Since my son became “Call son mobile” on CarPlay
And my mother “Call ICE mom home.”

This is poetry.
Create
Human

The act of writing, in one’s own voice, adds new ways to describe things. To be human.

It may or may not resonate with anyone or find an audience. But the act itself creates.

Poetic Management

There is a relationship between communication and orientation toward uncertainty/ the approach toward uncertainty. Certain communication environments lend themselves much more to experimentation.

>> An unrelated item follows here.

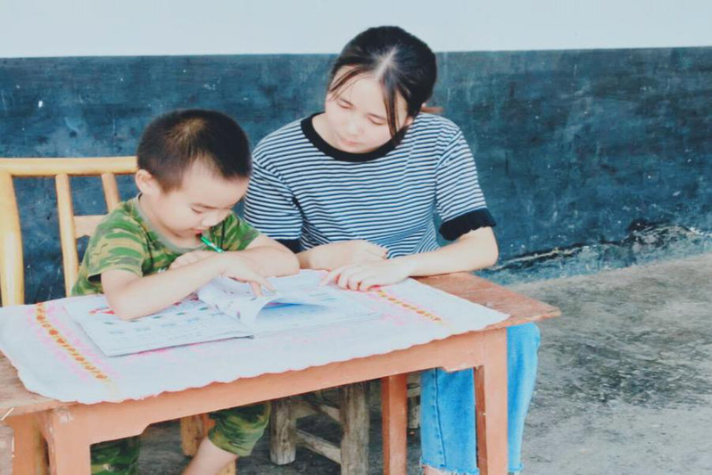 纺贸19301班张清贵辅导入户家庭孩子学业
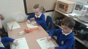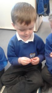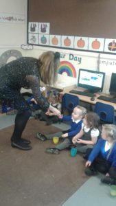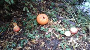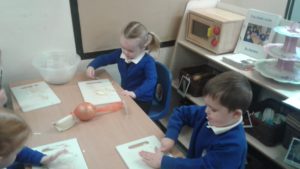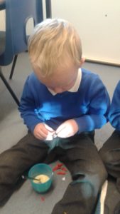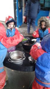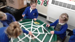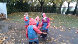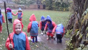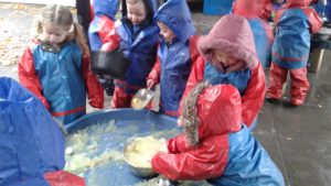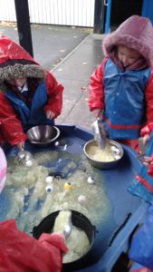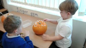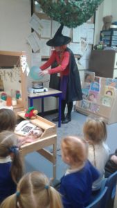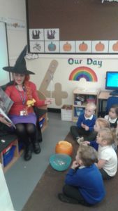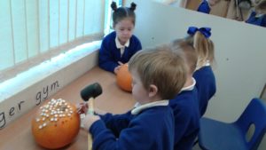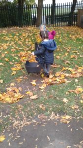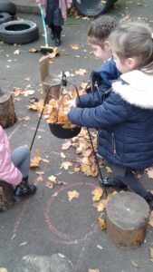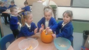 Another busy week in nursery! We have focused on the book, Room on the Broom by Julia Donaldson and acted out the story in various ways throughout the week. On Wednesday, we scooped the inside of pumpkins and made pumpkin soup and roasted pumpkin seeds, which we ate during our Halloween feast. During our outdoor session today we put the remains of our pumpkins in the pond area, in view of the outdoor camera. We are going to check the footage in the near future to see if any animals have had a nibble!

Too much fear of meeting sales quotas impacts this. Can companies with aggressive sales quotas have development groups that embrace uncertainty/ failure/ experimentation?

The sales orientation of the company and drivers of growth i.e. how important aggressive sales are to the company, impact the environment. Are customers a trusted community or revenue to extract? If one part of the corporate ecosystem, particularly one that is stressed as most important, lacks trust, can trust be established anywhere else in the company?

Without trust, experimentation falters. Cohesion moves from enthusiastic pursuit of something amazing to huddling together in fear. Disengagement occurs. Following the rules becomes appealing.

The model of a prediction machine is useful. In our particular style of prediction machine, we drive to low context. Towards a low context that fosters inefficiency. Decay. Declining margins. Declining quality. Declining revenue.

It seems an entropy we must continually and actively work against – by being human, embracing quirks, paths, journeys and strivings.

Is it contagious across cultures as the use of the same techniques, technologies and processes spread or are some cultures/models of consciousness resistant?

Building cultures, communication environments, shapes the consciousness. It shapes the prediction machine. It shapes how we invent and strive and trust.

At its apotheosis, it is poetry.

The alternative is succumbing. Going under.